BEGIN EXERCISE INPUTS
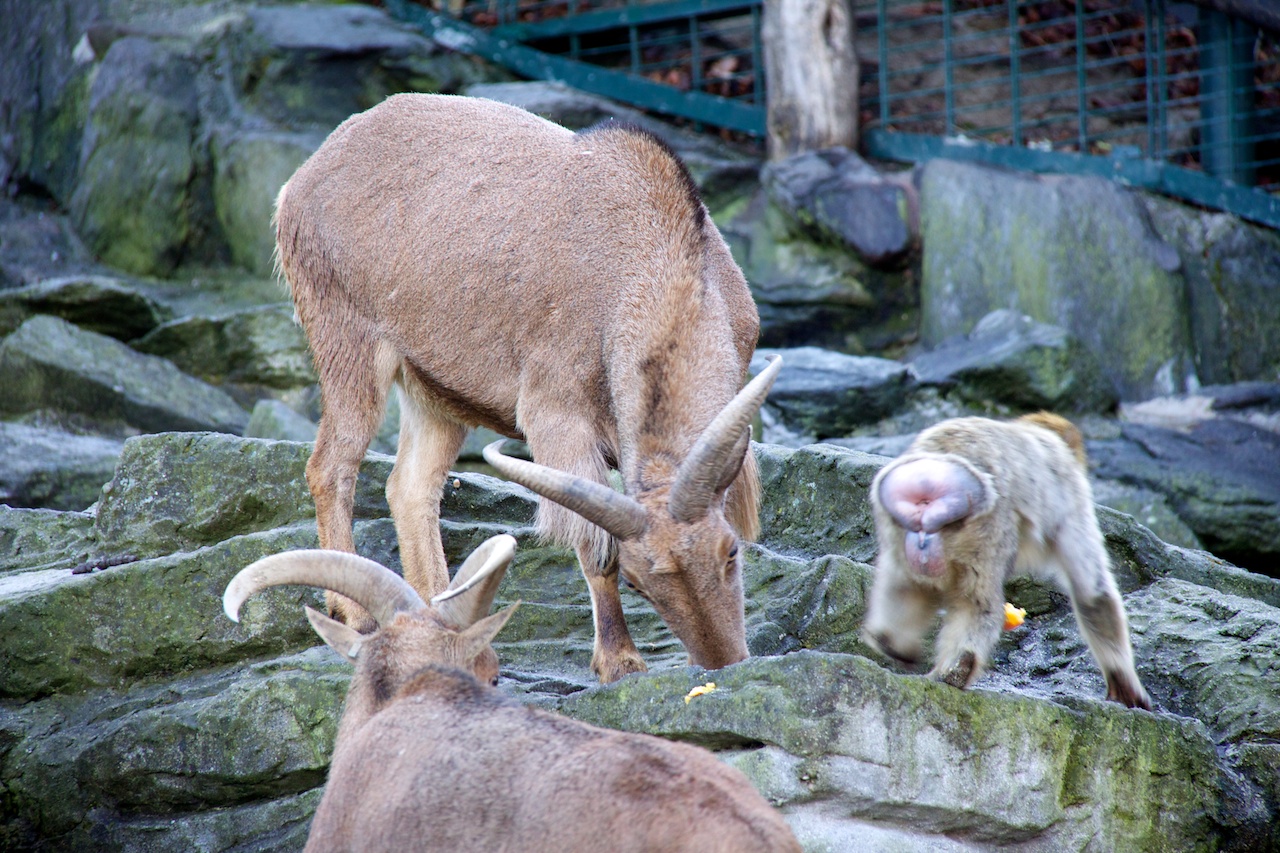 Berberaffe und Mähnenspringer
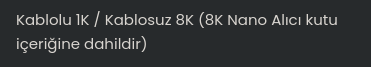 Kablolu 1K / kablosuz 8K (8k nano alıcı kutu içeriğine dahildir).
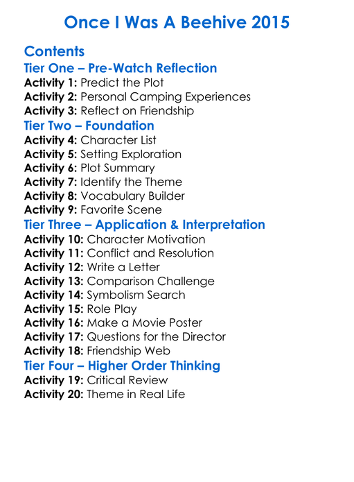 Once I Was A Beehive 2015 Worksheet Activity Booklet
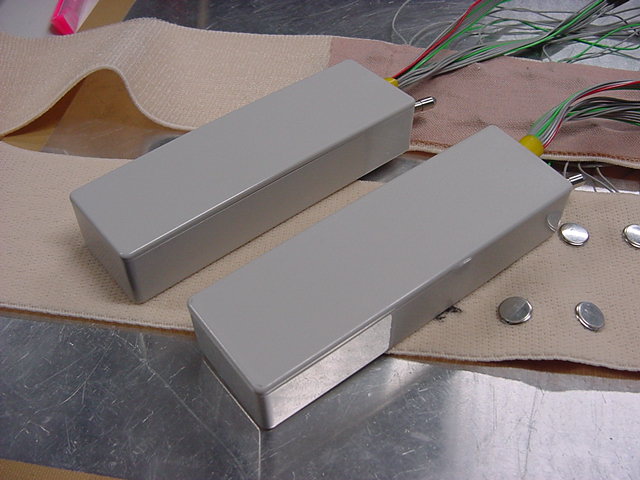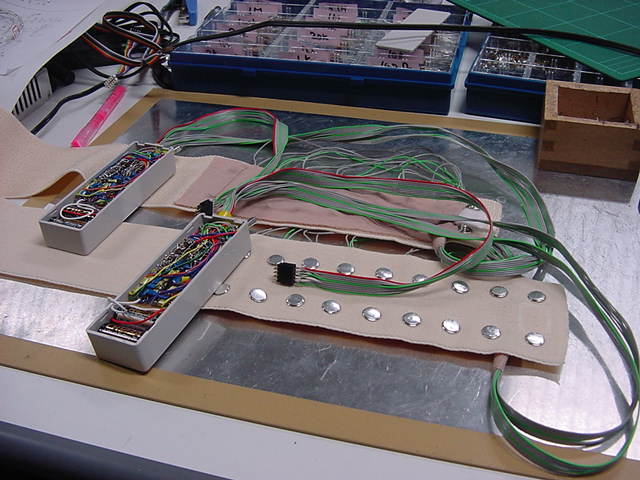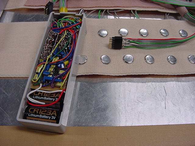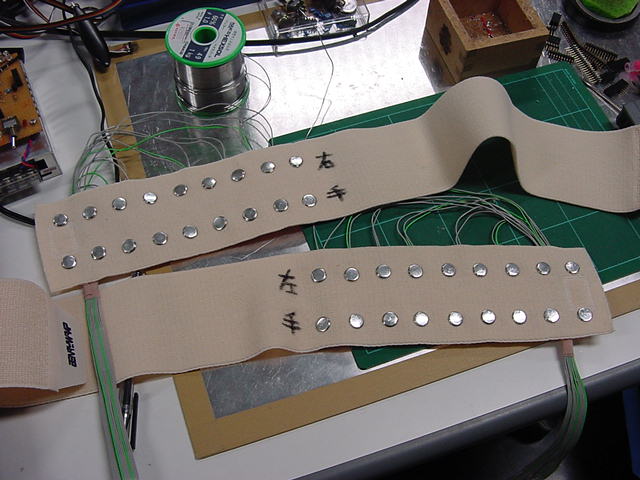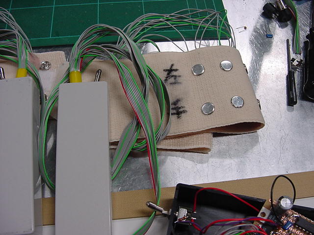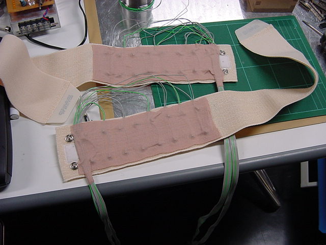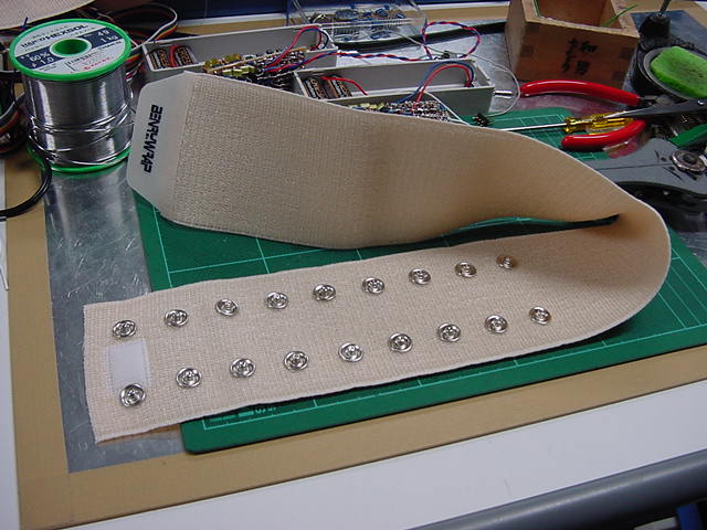 これが今回の電極です。介護用伸縮ベルトに、金属ボタンをカシメて、
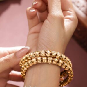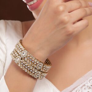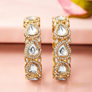 Set of 2 18K Gold-Plated Kundan & AD Studded Handcrafted Premium Bangles for Women – 2.4
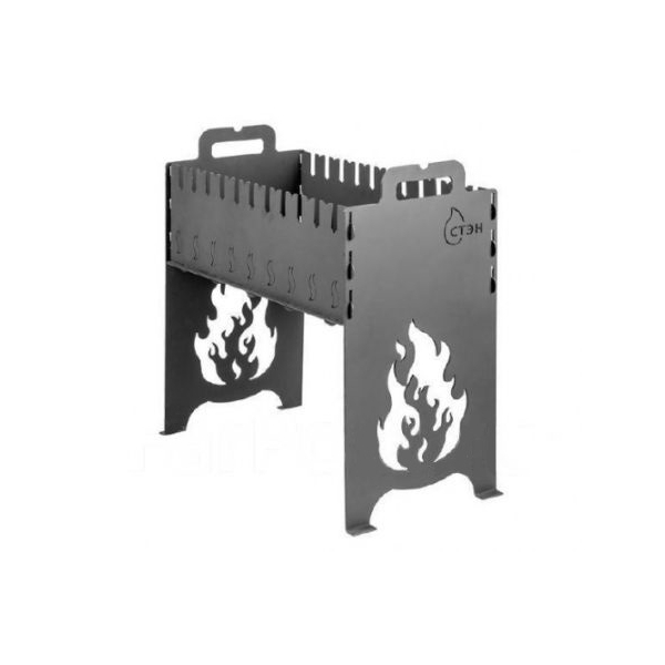 Мангал СТЭН отличается от большинства своих собратьев отсутствием трубчатого каркаса. Он состоит из пяти деталей:
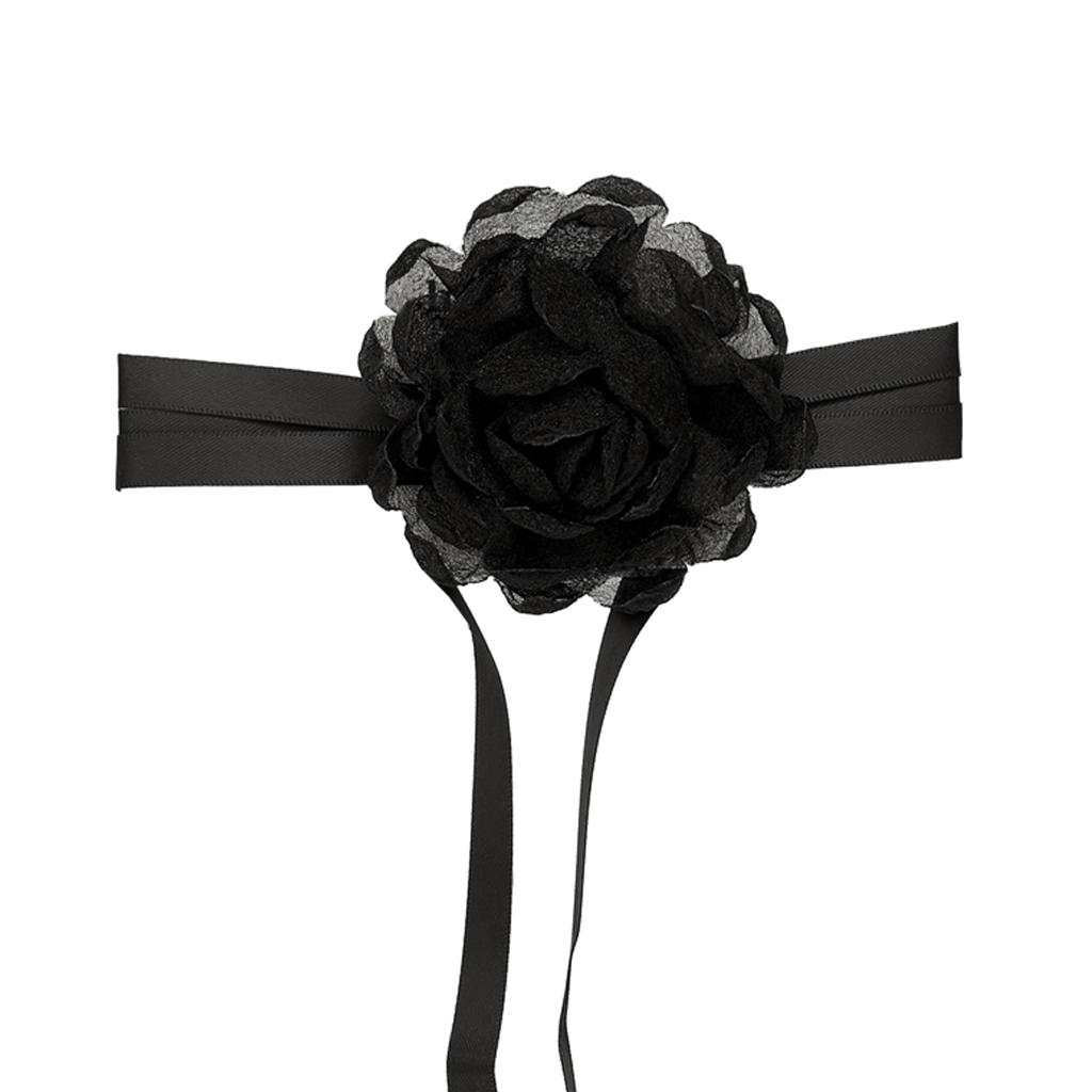 Κολιέ τσόκερ με λουλούδι, διαμέτρου 8cm, σε χρώμα μαύρο.
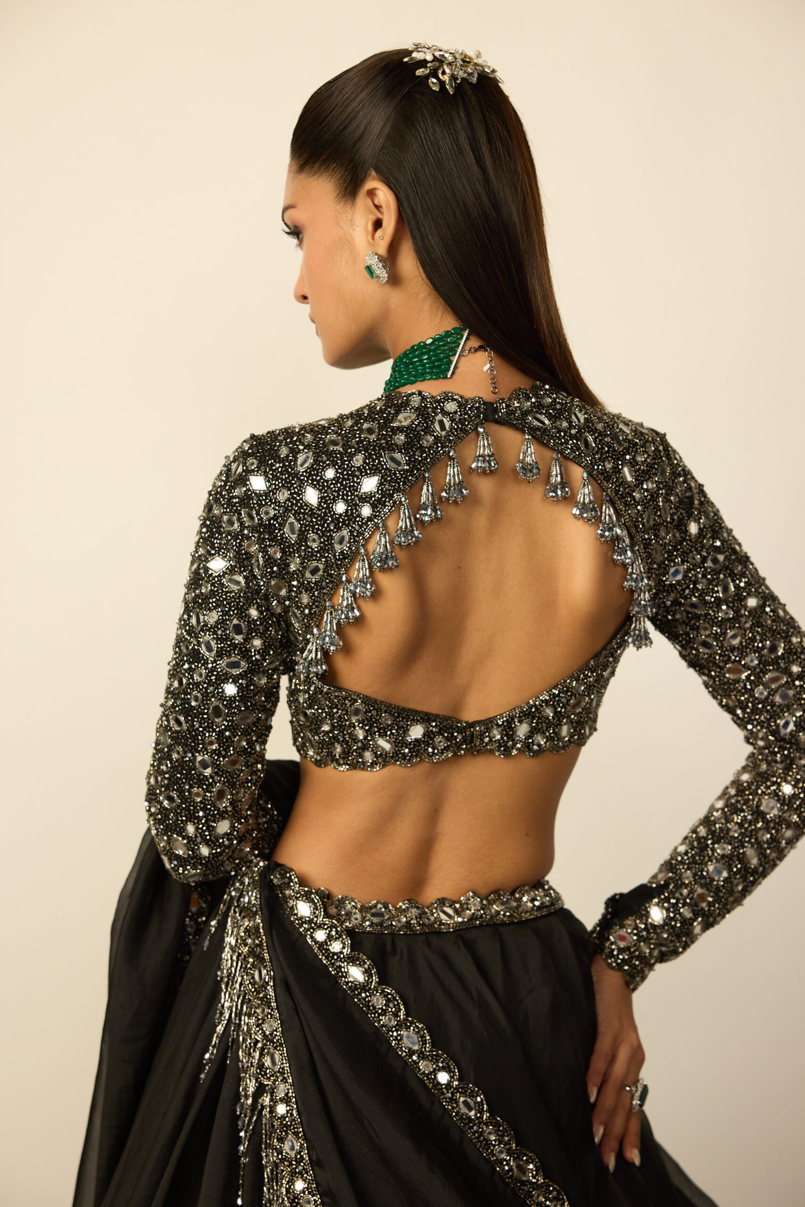 Black Organza Lehenga, paired with a heavily embroidered Zero neck blouse and a dupatta with cascading silver tassels.
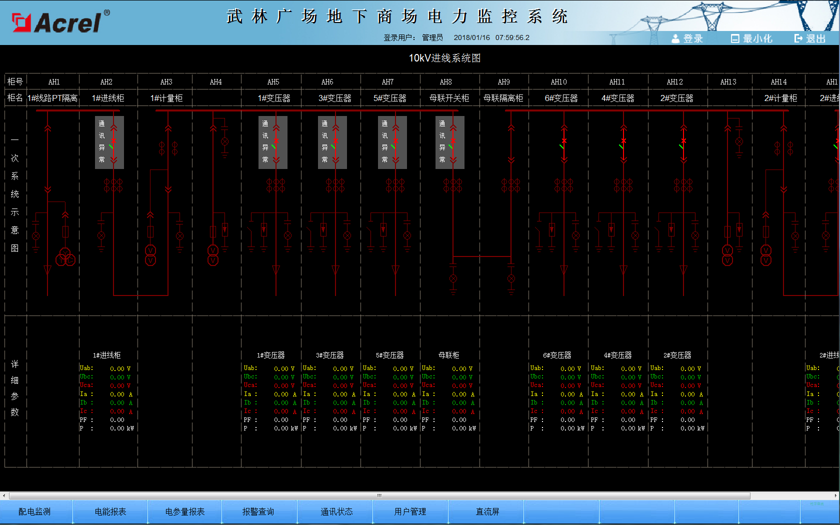 系統(tǒng)依據(jù)客戶實(shí)際需求進(jìn)行設(shè)計(jì),并實(shí)現(xiàn)了一次主接線圖界面顯示;電參量遙測(cè)及電參量越限報(bào)警;事件記錄;系統(tǒng)運(yùn)行異常監(jiān)測(cè);故障報(bào)警及操作記錄;報(bào)表查詢與打印;系統(tǒng)負(fù)荷實(shí)時(shí)、歷史曲線,用戶權(quán)限管理等主要功能。
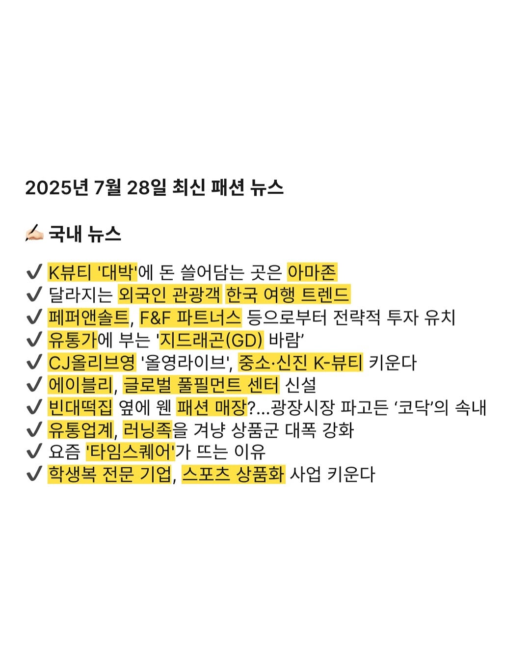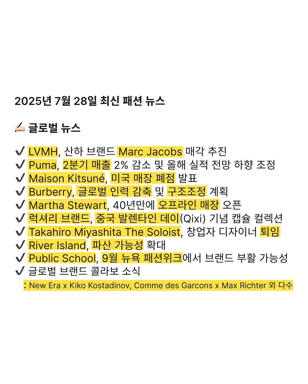 2025년 7월 28일 최신 패션 뉴스
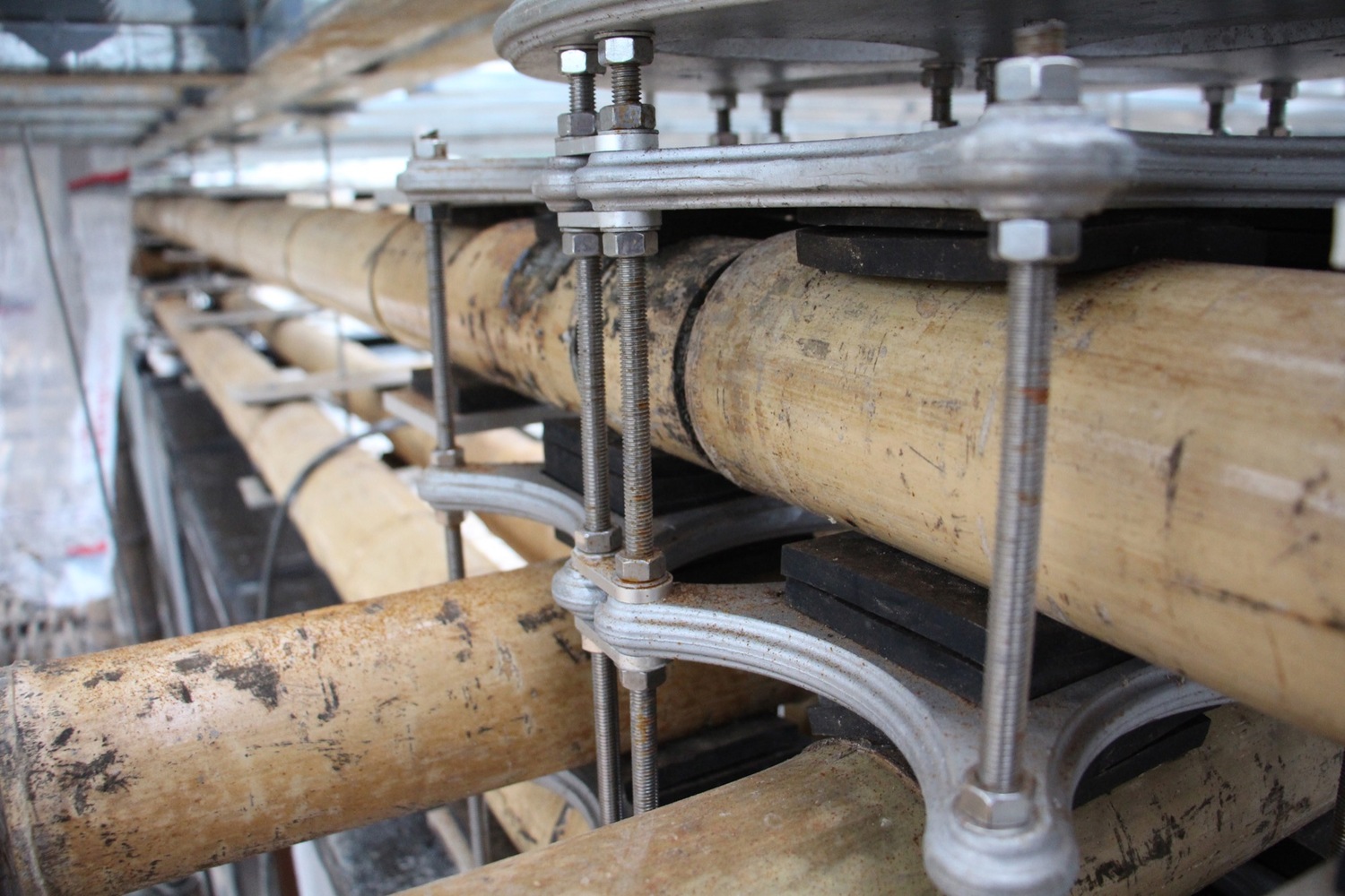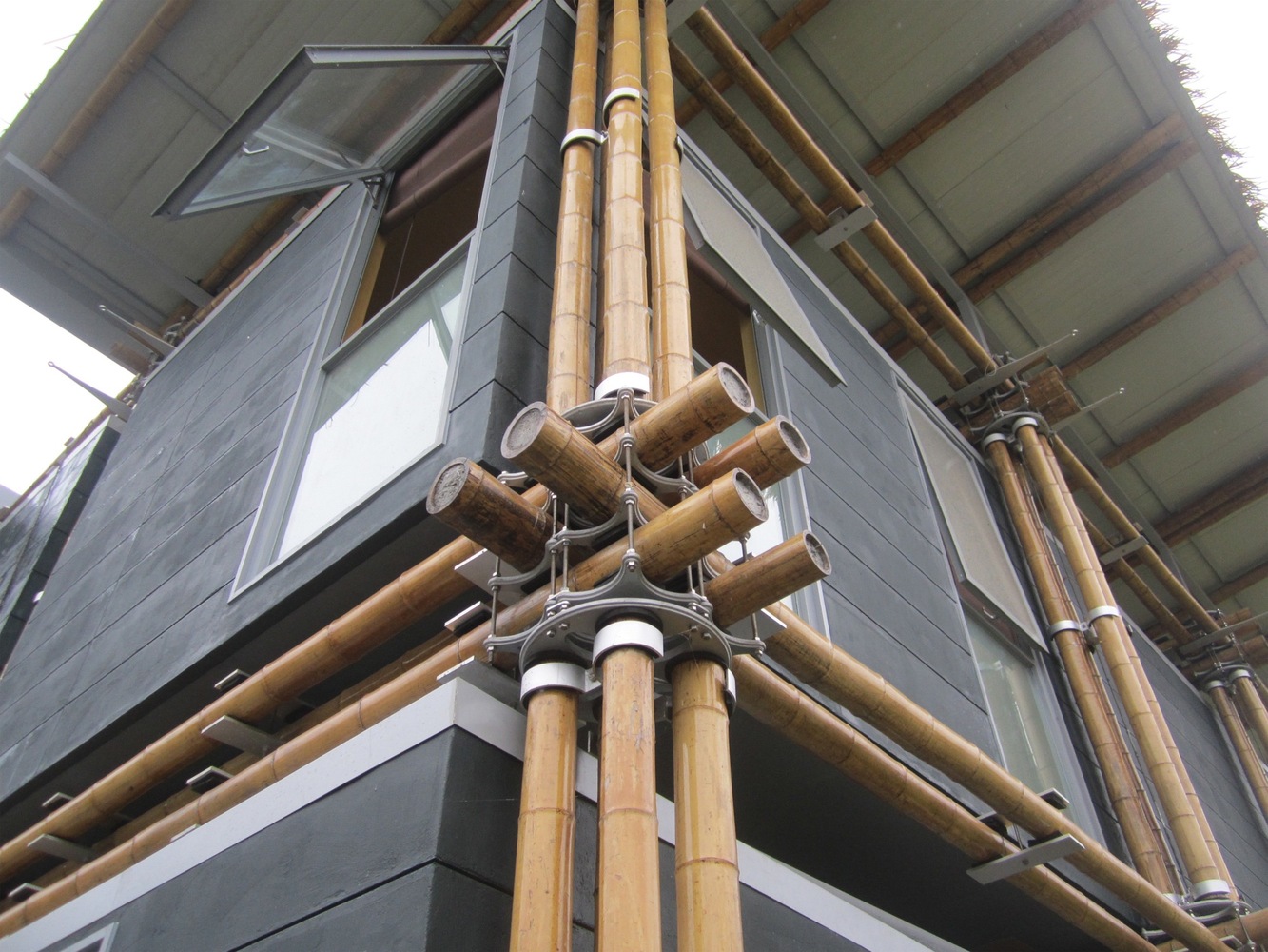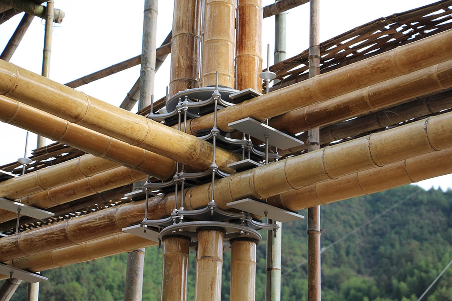 设计干式连接,不要通过穿孔削弱竹子,也不要用混凝土填充竹子,还可以根据需要更换竹杆;
END EXERCISE INPUTS
* YOUR OBJECTIVE:
Print exactly the lines above that run from the one with "Once I Was A" to the one with "Set of 2 18K", both included. No pictures.

* EXPECTED ANSWER:
 Once I Was A Beehive 2015 Worksheet Activity Booklet
 これが今回の電極です。介護用伸縮ベルトに、金属ボタンをカシメて、
 Set of 2 18K Gold-Plated Kundan & AD Studded Handcrafted Premium Bangles for Women – 2.4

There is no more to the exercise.